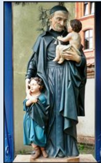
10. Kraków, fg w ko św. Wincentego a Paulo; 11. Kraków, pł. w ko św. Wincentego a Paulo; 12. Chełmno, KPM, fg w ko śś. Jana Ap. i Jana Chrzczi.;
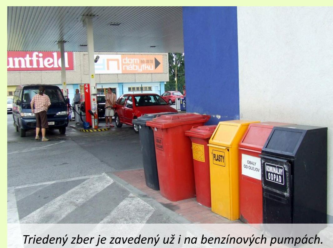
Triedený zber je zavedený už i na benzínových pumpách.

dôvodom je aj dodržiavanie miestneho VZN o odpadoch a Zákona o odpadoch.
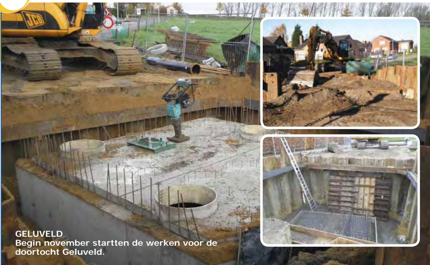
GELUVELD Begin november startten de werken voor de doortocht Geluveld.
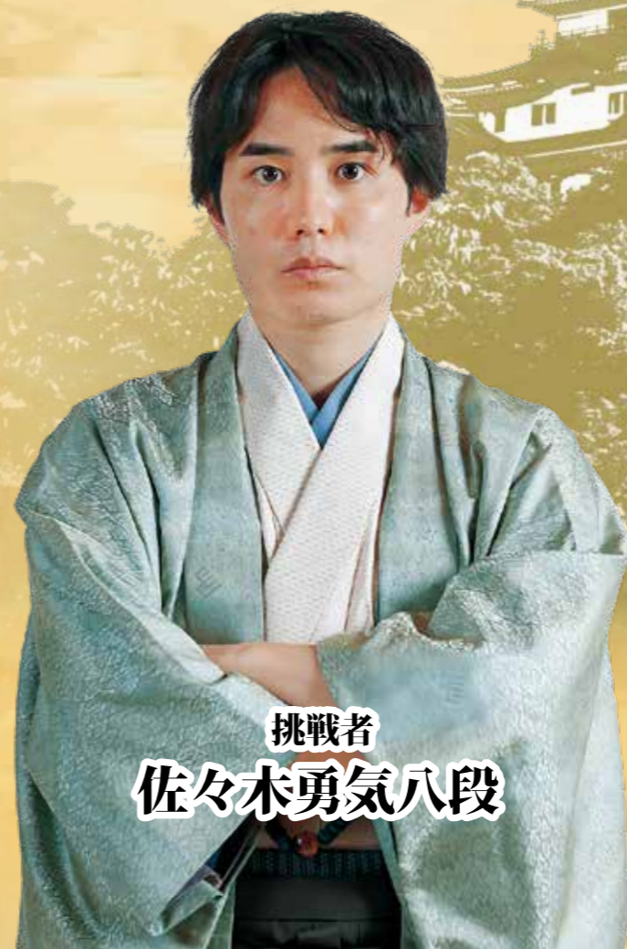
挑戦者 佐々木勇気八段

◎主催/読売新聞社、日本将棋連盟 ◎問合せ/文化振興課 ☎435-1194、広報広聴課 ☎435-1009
==
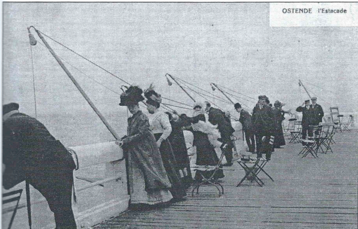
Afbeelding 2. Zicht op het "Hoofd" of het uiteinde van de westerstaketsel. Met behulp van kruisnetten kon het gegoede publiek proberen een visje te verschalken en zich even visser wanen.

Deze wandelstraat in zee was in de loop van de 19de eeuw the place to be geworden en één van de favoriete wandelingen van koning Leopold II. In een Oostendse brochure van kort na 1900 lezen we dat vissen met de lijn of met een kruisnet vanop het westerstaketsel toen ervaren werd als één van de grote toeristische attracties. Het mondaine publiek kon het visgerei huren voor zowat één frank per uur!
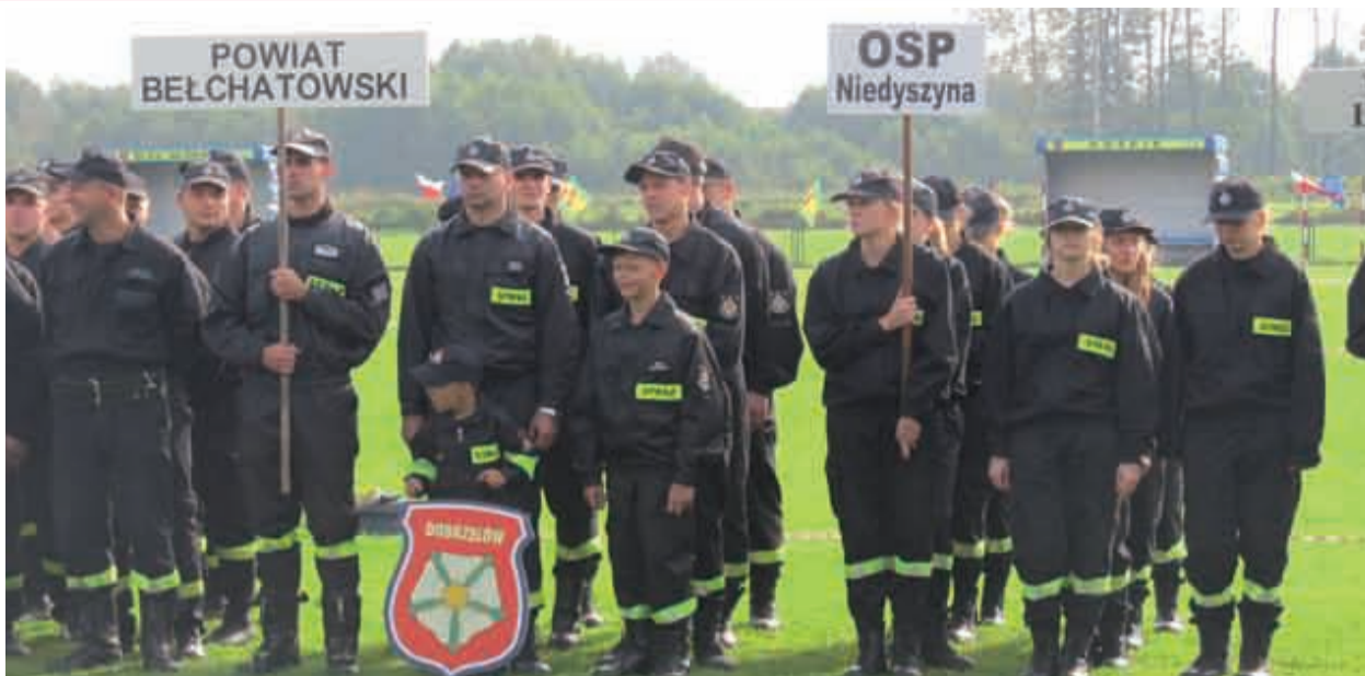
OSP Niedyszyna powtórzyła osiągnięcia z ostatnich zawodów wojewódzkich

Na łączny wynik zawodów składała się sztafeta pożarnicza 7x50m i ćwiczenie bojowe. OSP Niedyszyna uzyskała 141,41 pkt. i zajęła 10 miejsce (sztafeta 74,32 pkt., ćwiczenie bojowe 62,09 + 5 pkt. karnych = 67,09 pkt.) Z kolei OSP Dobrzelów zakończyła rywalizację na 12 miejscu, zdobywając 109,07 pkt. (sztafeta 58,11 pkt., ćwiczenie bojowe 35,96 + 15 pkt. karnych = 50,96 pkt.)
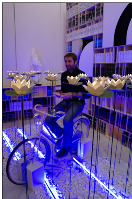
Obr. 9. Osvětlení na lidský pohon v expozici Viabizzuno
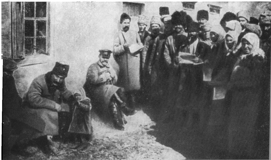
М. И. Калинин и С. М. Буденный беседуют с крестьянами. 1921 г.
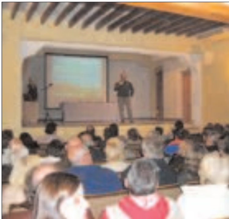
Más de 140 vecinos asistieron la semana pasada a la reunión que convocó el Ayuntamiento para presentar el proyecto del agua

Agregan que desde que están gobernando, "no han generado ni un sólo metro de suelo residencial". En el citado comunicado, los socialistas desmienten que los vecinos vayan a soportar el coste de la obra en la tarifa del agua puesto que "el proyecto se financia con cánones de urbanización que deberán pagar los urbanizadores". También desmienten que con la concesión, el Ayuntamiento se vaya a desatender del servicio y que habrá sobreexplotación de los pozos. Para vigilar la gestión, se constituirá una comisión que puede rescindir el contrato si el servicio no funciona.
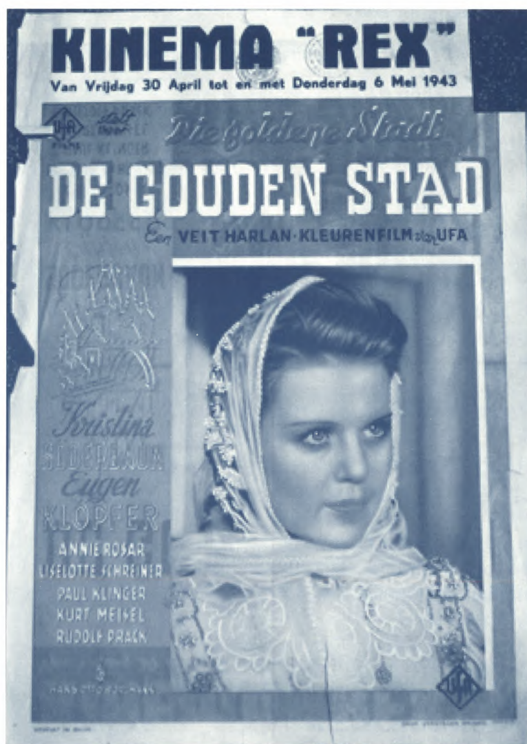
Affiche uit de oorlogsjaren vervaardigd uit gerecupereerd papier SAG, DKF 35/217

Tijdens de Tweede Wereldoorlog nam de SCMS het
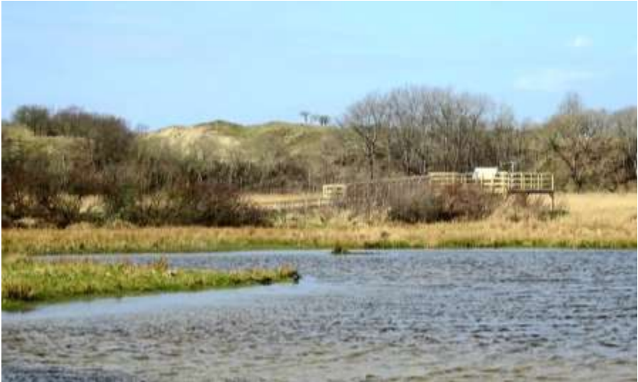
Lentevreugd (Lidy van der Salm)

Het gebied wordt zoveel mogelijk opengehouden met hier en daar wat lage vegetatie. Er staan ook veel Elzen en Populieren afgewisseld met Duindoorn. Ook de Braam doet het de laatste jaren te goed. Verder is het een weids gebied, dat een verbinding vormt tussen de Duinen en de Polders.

### What the exercise asks
In the data above, find the line containing "М. И. Калинин" and the line containing "Más de 140 vecinos". Repeat those two lines and everything between them exactly, minus the pictures.

### Answer section
М. И. Калинин и С. М. Буденный беседуют с крестьянами. 1921 г.
Más de 140 vecinos asistieron la semana pasada a la reunión que convocó el Ayuntamiento para presentar el proyecto del agua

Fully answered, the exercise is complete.